Вошла девушка, поставила перед Тарасовым кружку с чаем, не забыв улыбнуться Чужинову. От внимания Тарасова сие не ускользнуло, и он нахмурился.

– Может, добавки кому? – поинтересовалась девушка.

– Неси, чего спрашиваешь? – ответил за всех Тарасов. – Оленька, дочка, – объяснил он, глядя ей вслед. – Совсем заневестилась. Того и гляди в подоле принесет.

– Радоваться надо: еще один человек родится. – Джиоев тоже смотрел на девушку.

– Хорошо, если человек. А коли нет? – буркнул Никодимыч, и Глеб невольно напрягся, вспомнив о Марине.

Это было проблемой, даже бедой: мало того что дети рождались мертвыми, так и среди выживших уродцев хватало. Пусть и не были они полностью тварями, но и от людей в них мало что оставалось. Как будто бы кто-то специально стремился к тому, чтобы человеческий род бесследно исчез.

– А где Семен? – сменил Чужинов неприятную для него тему разговора.

– Сразу в баню пошел. Сказал, что после поужинает, – ответил Тарасов, грузно поднимаясь из-за стола.


– Ну так что скажешь, Рустам?

– Троих будет мало, – задумчиво ответил тот.

– Я не про то, – досадливо отмахнулся Глеб. – Ты уж давай определись: пойдешь с нами или нет.

– А я про то… Думаю, еще трое понадобятся. Две тройки – самое оно. И определился я уже, мог бы и понять. Как говорится, земля слухами полнится. Так вот, слышал я, что Старовойтова вакцину пытается создать, чтобы не мутировали люди в тварей. Наверное, помочь ей надо, что-то достать там, куда не каждый сможет дойти, а тем более вернуться. Ты сам-то что об этом думаешь?

Чужинов пожал плечами.

– Примерно то же самое и думаю.

– И еще. Насколько я знаю, Старовойтова единственная, кто от твариной чумки лечит, а кто от нее застрахован?

Глеб кивнул – никто. Возможно, где-то там, далеко, в Европе или Азии, а то и вовсе на другом континенте, излечение от твариной чумки – обычное дело. Возможно, что и электричества люди там давно уже не боятся, справились и с этой проблемой. И слухи об этом ходят упорные, хочешь – верь им, хочешь – нет. Но не здесь.
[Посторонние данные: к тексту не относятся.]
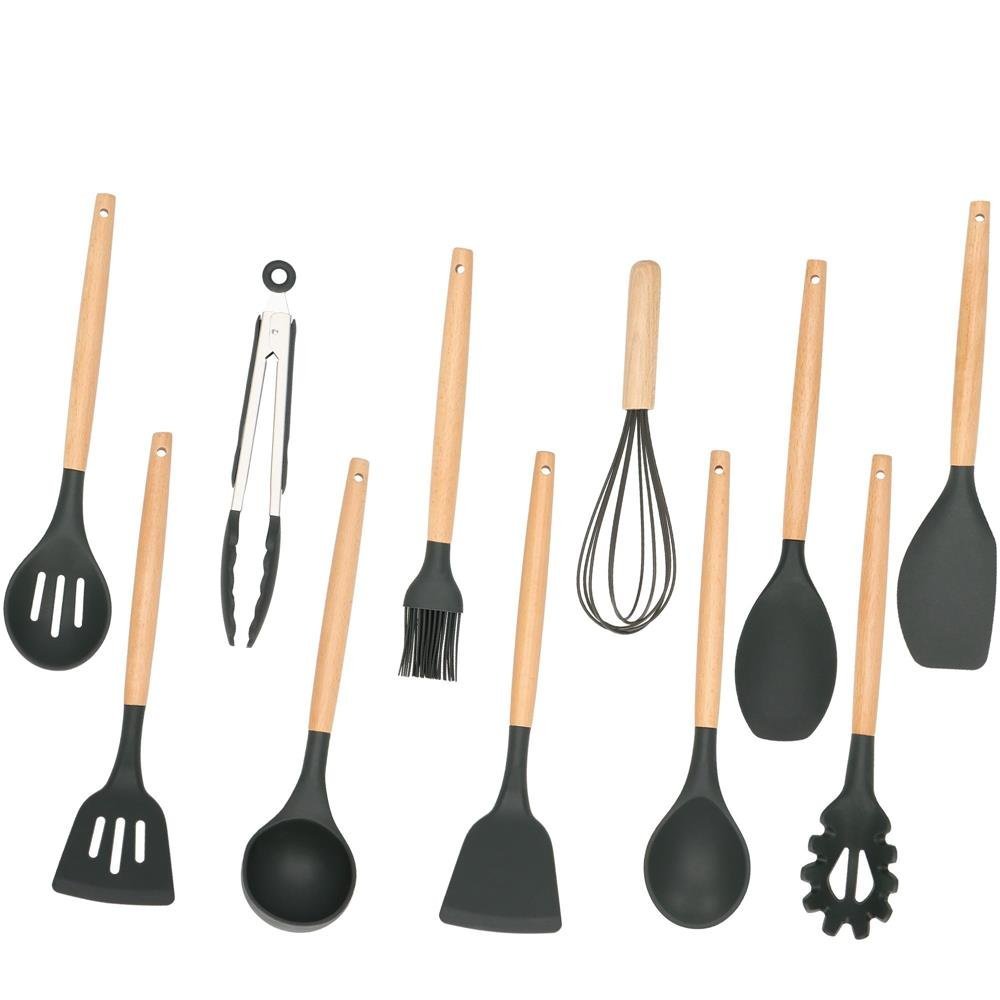 Set Sersimo 12 ustensile de bucatarie din silicon termorezistent si maner din bambus, gri

– Так что я на этот случай и подстраховываюсь, – улыбаясь, продолжил Джиоев. – Не дай бог подцепишь чумку, обратишься к Старовойтовой, а она скажет: увы и ах, Рустам, хренушки тебе! Не пошел ты с Чужаком, как он тебя ни умолял, ни упрашивал, подыхай вот теперь.

Глеб фыркнул:

– Забыл сказать, рыбой еще тебя не задабривал. Рустам, как считаешь, насколько у Дениса все серьезно?

– У Дёни-то? Через недельку-другую он и думать забудет, что едва кони не двинул. Прокоп его народными средствами лечит: медом обмажет, загонит в парилку, а затем с помощником в два веника охаживать начинает. Со стороны посмотришь – изувер. Но помогает. Киреев, кстати, Денису за мед такой счет выставил, что тот уже и не рад, что в руки ему попался. – Рустам рассмеялся.

– Неплохо бы его уговорить, – пробормотал Чужинов, почувствовав, как Ольга, убирающая со стола грязную посуду, на миг прижалась к нему тугим бедром. Причем намеренно, места вокруг хватало.

Денис Войтов – снайпер высочайшего класса, с огромным опытом, и иметь такого стрелка в команде было бы просто замечательно. Если верно все то, о чем они с Рустамом сошлись во мнении.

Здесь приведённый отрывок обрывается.